** RECORDED INFORMATION **
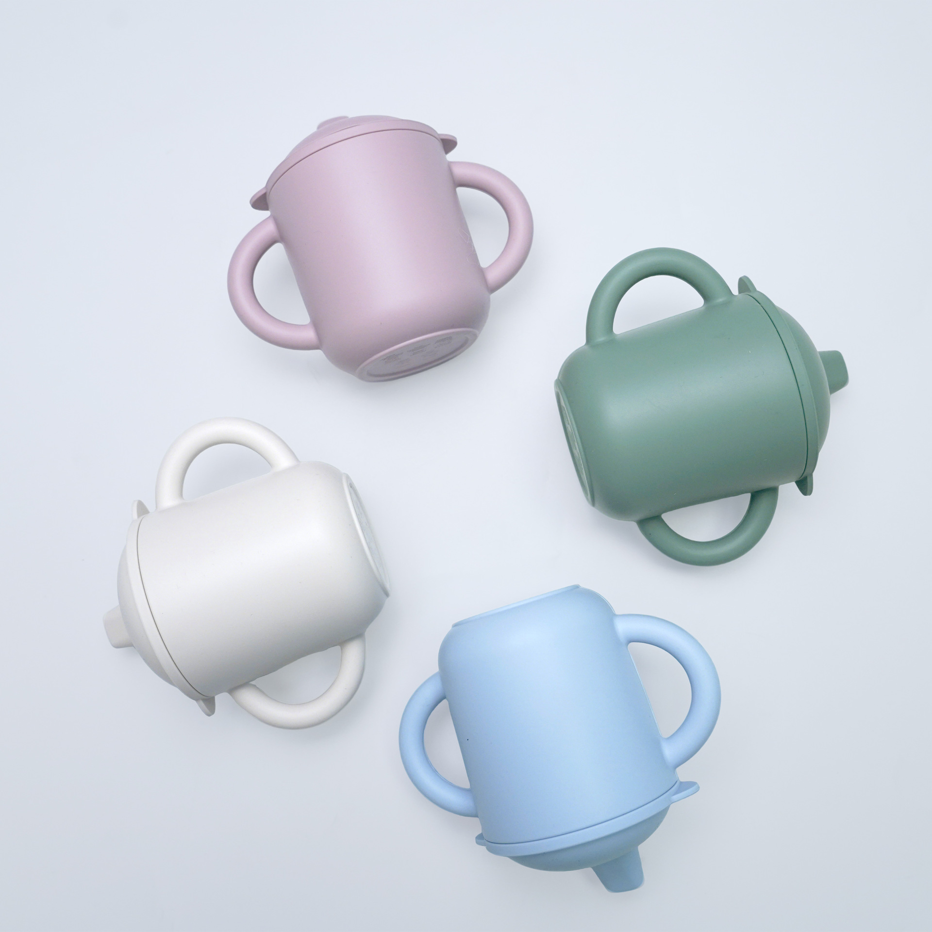Taza de agua de bebés resistente a altas temperaturas a prueba de caídas a prueba de fugas taza de agua de bebés de silicona de doble oreja boca de pato taza de aprendizaje
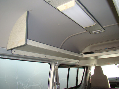 足元スッキリ!頭上収納できるセンター&サイドトレー :中古車「ハイエース ロングハイルーフDX」
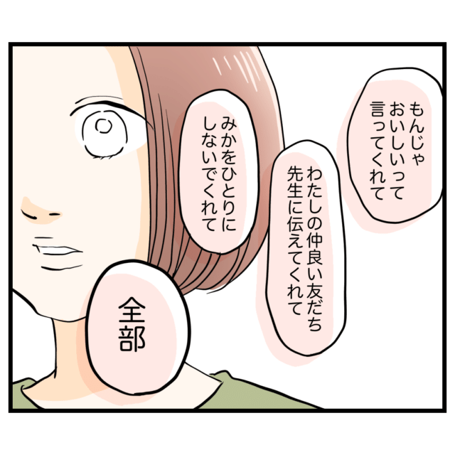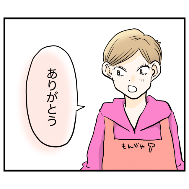 思いがけず、みかちゃんママにご飯に誘われたあんころさんは、みかちゃんママの実家であるもんじゃ焼き屋さんに来ました。初めてのもんじゃが美味しくて、それを伝えると照れ隠しなのか「べつに!」とまくしたてたみかちゃんママでしたが、最後にまさかの「ありがとね」と言ったのでした。
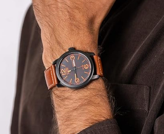 La esfera negra está protagonizada por grandes números arábigos en naranja en las posiciones principales y marcadores igualmente naranja para facilitar la lectura rápida. Las agujas, también en naranja con relleno luminiscente, garantizan visibilidad en condiciones de baja iluminación. A las tres en punto aparece una ventana de día y fecha, dispuesta de forma clara y funcional. El bisel y la caja muestran líneas sobrias y masculinas, mientras que la corona texturada permite un manejo cómodo y preciso. El cristal es mineral, resistente a impactos cotidianos y pensado para un uso continuado sin perder claridad. La caja y los acabados interiores están pensados para equilibrar durabilidad y confort. Con una resistencia al agua de WR 10 bar, equivalente a 100 metros, el reloj soporta baños, natación y actividades acuáticas recreativas sin comprometer su funcionamiento. La correa de piel en tono marrón con costura blanca equilibra el carácter técnico del reloj con una sensación de acabado premium. Su anchura y la elección del color la hacen versátil para combinar con ropa casual y también con looks más cuidados. El sistema de cierre facilita la colocación y asegura un ajuste firme durante la jornada.
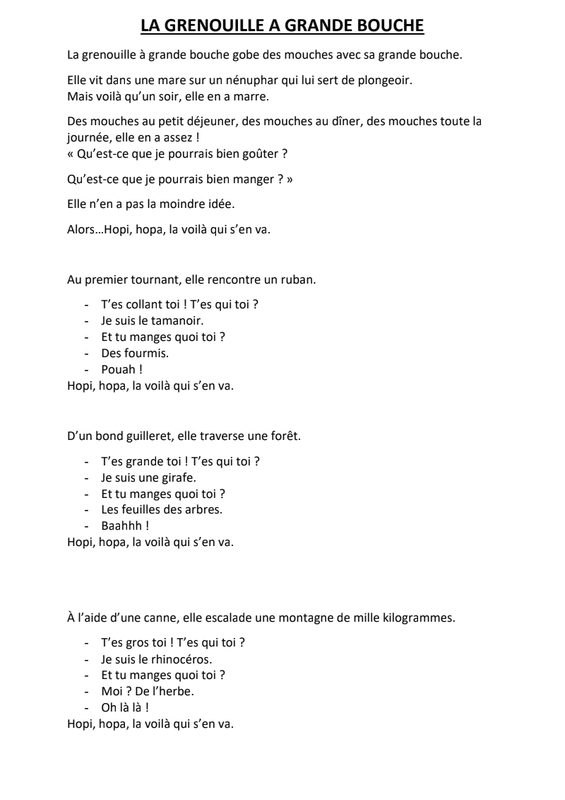 La plus célèbre des grenouilles, c’est elle, la Grenouille à grande bouche. Elle est curieuse, très curieuse. Elle veut tout savoir… « T’es qui toi ? Et tu manges quoi toi ? »…
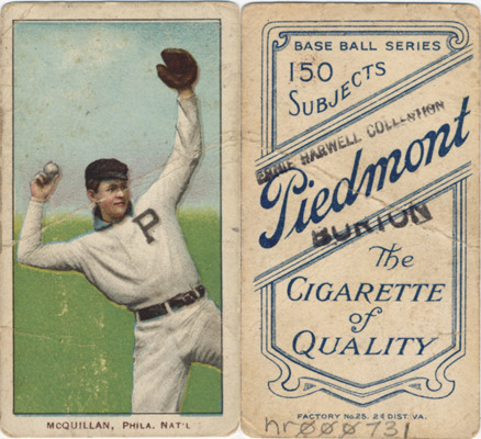 Portrait of George McQuillan, baseball player for the Philadelphia Phillies. White Borders (T206) series. Printed on front: "McQuillan, Phila. Nat'l." Printed on back: "Piedmont, the cigarette of quality. Base ball series, 150 subjects. Factory no. 25, 2d. dist. Va."
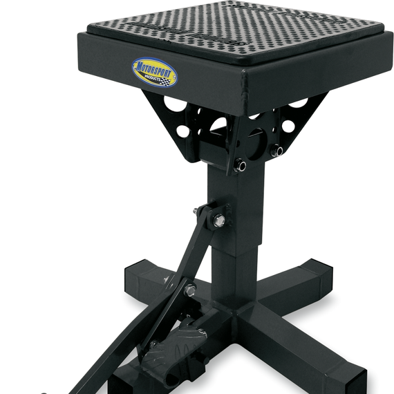 Caracteristicas: Easily lifts bikes by stepping on foot lever so even youth riders can put their own bike on this stand Rubber top with embossed logo and raised bumpy non-slip surface Large heavy-duty top lifts both wheels off the ground Foot-activated release trigger with nylon slider block Leg stance is 16" wide for maximum stability Large recessed rivets won't break off Designed for dirt bikes from 50-650cc
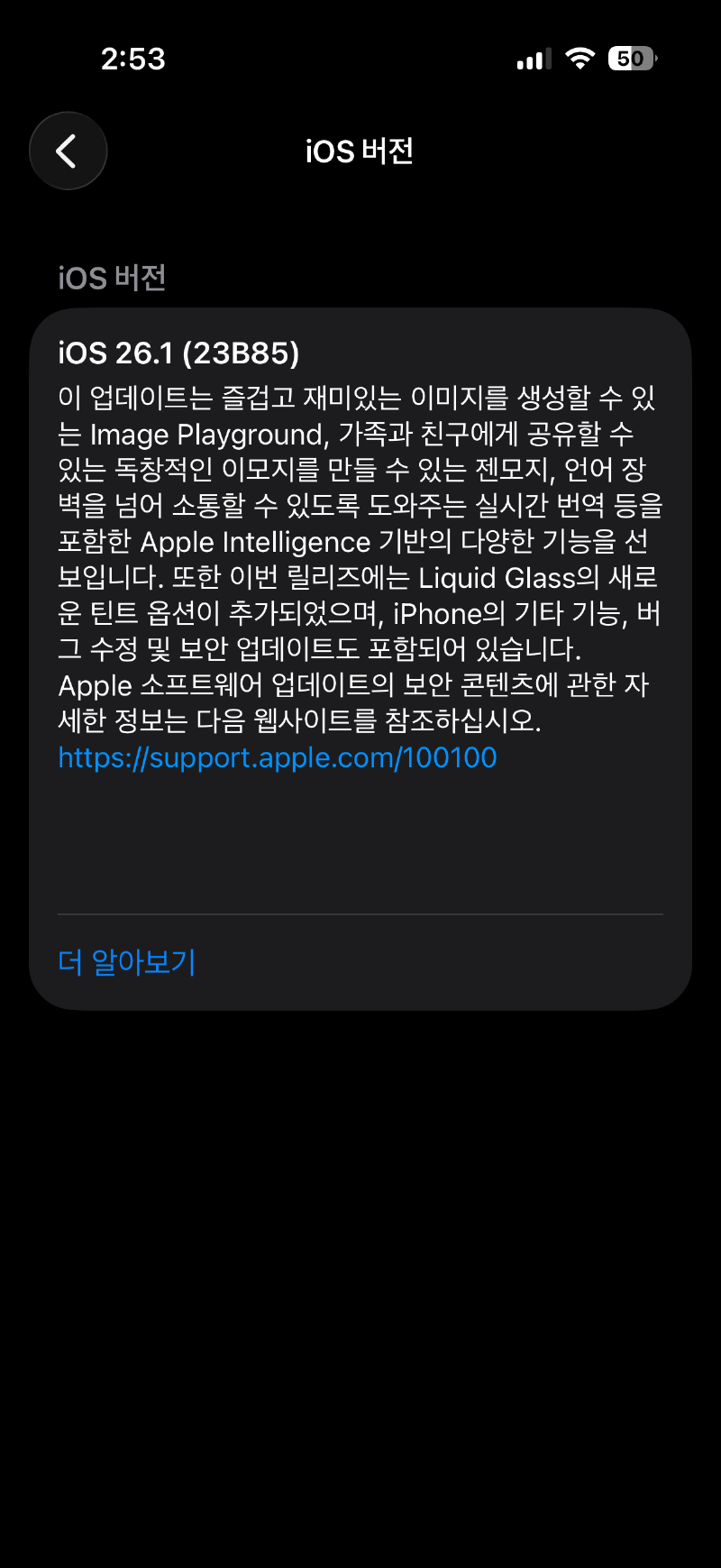 iOS 26.1 is an update that places the innovative features of iOS 26 onto a stable foundation. A powerful feature, real-time Korean translation, has been added, and the biggest weaknesses of the initial version—battery performance and screen readability—have been resolved.
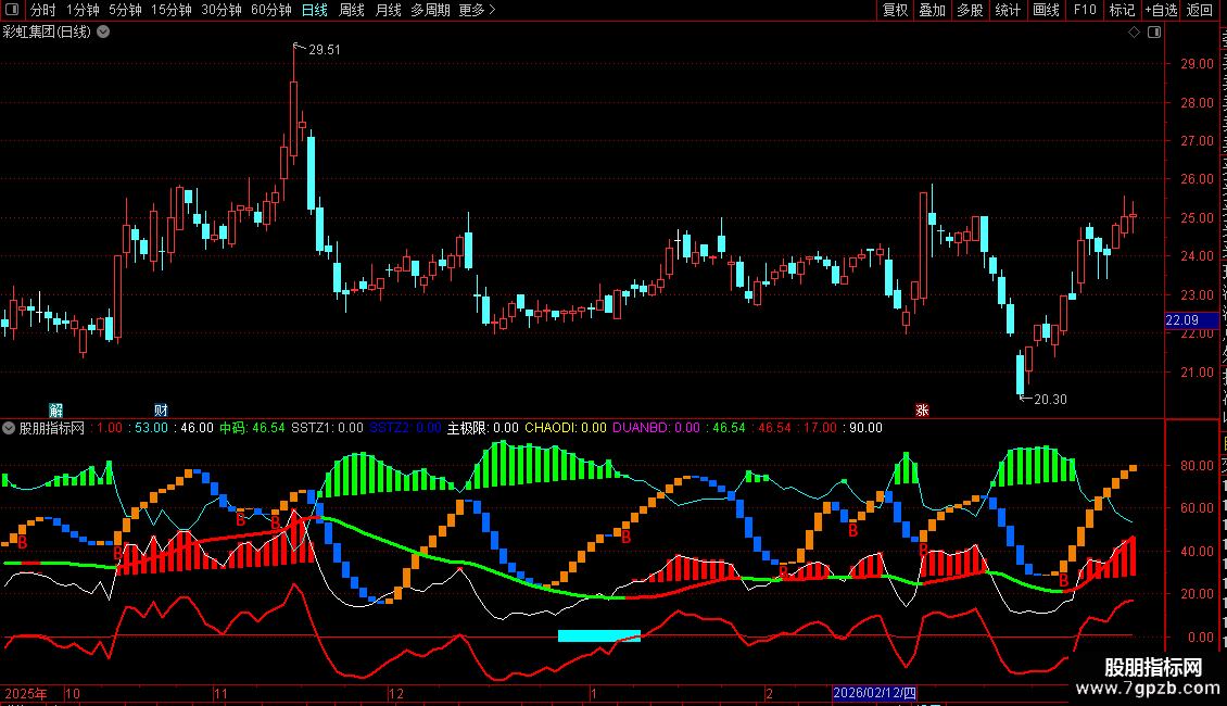 主极限:IF(ZBGS6>=0&&QUHISZB< 13,1,0),LINETHICK0,COLORFF00FF;
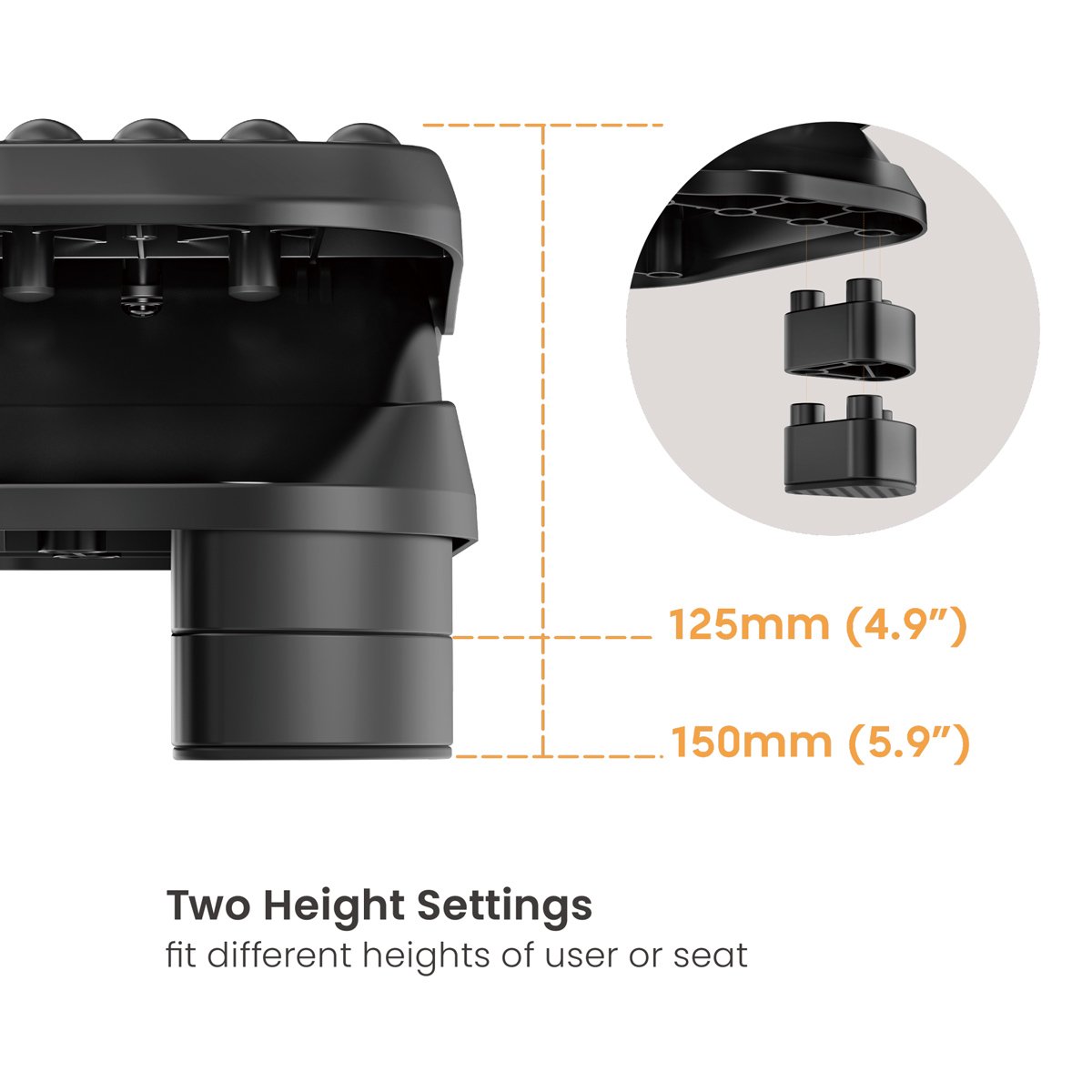 Διαθέτει 2 επίπεδα ρύθμισης ύψους για την ιδανική τοποθέτηση ανάλογα με τις ανάγκες σας.

** ASSIGNMENT **
Nothing but the lines from the one containing "Portrait of George" through the end of the listing is to be output, and those lines are to be output exactly, pictures excluded.

** SOLUTION TO THIS PROBLEM **
 Portrait of George McQuillan, baseball player for the Philadelphia Phillies. White Borders (T206) series. Printed on front: "McQuillan, Phila. Nat'l." Printed on back: "Piedmont, the cigarette of quality. Base ball series, 150 subjects. Factory no. 25, 2d. dist. Va."
 Caracteristicas: Easily lifts bikes by stepping on foot lever so even youth riders can put their own bike on this stand Rubber top with embossed logo and raised bumpy non-slip surface Large heavy-duty top lifts both wheels off the ground Foot-activated release trigger with nylon slider block Leg stance is 16" wide for maximum stability Large recessed rivets won't break off Designed for dirt bikes from 50-650cc
 iOS 26.1 is an update that places the innovative features of iOS 26 onto a stable foundation. A powerful feature, real-time Korean translation, has been added, and the biggest weaknesses of the initial version—battery performance and screen readability—have been resolved.
 主极限:IF(ZBGS6>=0&&QUHISZB< 13,1,0),LINETHICK0,COLORFF00FF;
 Διαθέτει 2 επίπεδα ρύθμισης ύψους για την ιδανική τοποθέτηση ανάλογα με τις ανάγκες σας.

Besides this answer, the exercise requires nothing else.